In Maryland, public school money has essentially been sheltered from drastic cuts because there’s a law that states every county government must at least spend the same per pupil as they did the previous year or risk losing state education contributions. It’s called Maintenance of Effort (MoE), and most elected government officials detest it because they don’t like being told what to with their money do by the state.

Even public school officials are not enamored with the law. Certainly thankful that it’s there to secure at least the same amount of money from the year prior, it’s argued that simply funding MOE does not allow the school system any opportunity to grow and improve. It essentially just ensures the status quo. There’s no room for progress, some Worcester school officials have said in the past.

No matter the side you fall on, there was enough of an outcry last year that General Assembly legislators plan to examine MOE and the process that surrounds it. The Maryland Association of Counties (MACO) is adamantly encouraging legislators to take a look and consider easing the requirements for counties to secure a waiver from the state, allowing the individual jurisdictions to cut per-pupil funding in their next budgets if a hardship is proven. Additionally, MACO is looking to have a different body than the Maryland State Department of Education rule over the waiver requests, and we agree this is needed.
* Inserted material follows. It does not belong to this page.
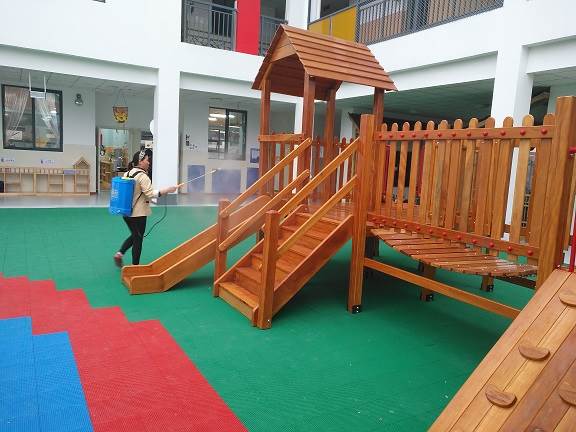 二、加强消毒工作。班级放学后用紫外线消毒灯对教室的空气和表面的物品进行消毒处理,每周消毒2~3次;幼儿饮水杯、餐盘、餐巾每日高温消毒两次;每日用消毒水拖地;幼儿就餐前有消毒毛巾擦拭桌面等。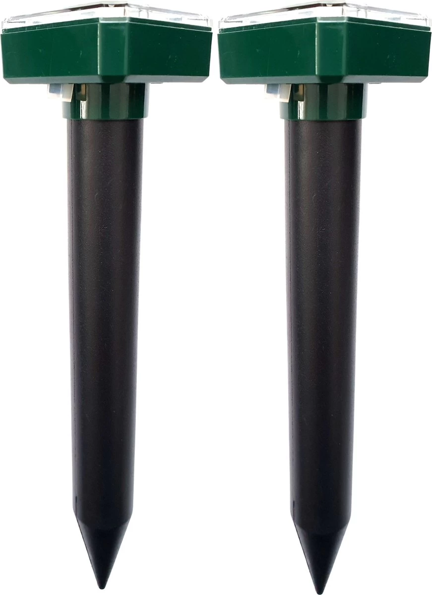 Wanneer je de mollenverjager van Aniway in de grond plaats en aanzet, stuurt deze iedere 20 seconden een sterke trilling met geluidsgolven door de grond. Hierdoor worden mollen en ander ondergronds ongedierte op een diervriendelijke manier verjaagd. Met deze mollenverjager van Aniway kun je een gazon tot wel 100 m2 vrijhouden van ongewenst ongedierte. Deze mollenverjager laadt automatisch op door de ingebouwde zonnepanelen, batterijen zijn dus verleden tijd. Hierdoor kan deze mollenverjager 24 uur per dag zijn werk uitvoeren. De set bestaat uit 2 stuks.

Regarding MOE, it’s understandable how supporters and opponents come to their positions. The concepts behind the funding law are sound. The idea is as school system enrollments grow funding needs to follow. When it shrinks, it follows that course as well. That’s logical.

At its most fundamental, the goal of MOE is to protect our students and ensure education funding is not slashed to their detriment. Nobody ever wants to see the students harmed.

What complicates matters is politics and unfortunately that comes into play when millions of dollars are at risk. Last year, tensions ran high among some County Commissioners and school system administrators. The county asked for a waiver to reduce education spending by $1.8 million. After numerous cuts made elsewhere and understanding their request was going to ultimately be rejected, as was the case with three other jurisdictions, the county reluctantly withdrew its waiver.

We think the process of determining whether a waiver of MOE is flawed, and the problems start with whom is making the decision. It’s wrong for the state Board of Education to decide whether a waiver is granted. It needs to be handled by an independent committee of folks who understand the intricate finances involved.

The state board’s primary focus is on education and by its nature it would not allow public school funding to be cut below the MoE. In a letter to the chairman of the Senate Budget and Taxation Committee last summer, President William Parran expresses our view well. He wrote, “… vesting waiver approval authority solely with the State Board, whose entire purpose of being is to advocate for education, was not a wise choice.  It also places the State Board in an untenable position as an education advocate – it would go against the State Board’s basic principles to ever grant a waiver.  It is also questionable whether the State Board has the fiscal expertise necessary to evaluate county budget and economic conditions.”

The legislature needs to thoroughly examine the process and at the very least should assign discretion over these waiver requests to another board that cannot be accused of being biased one way or another.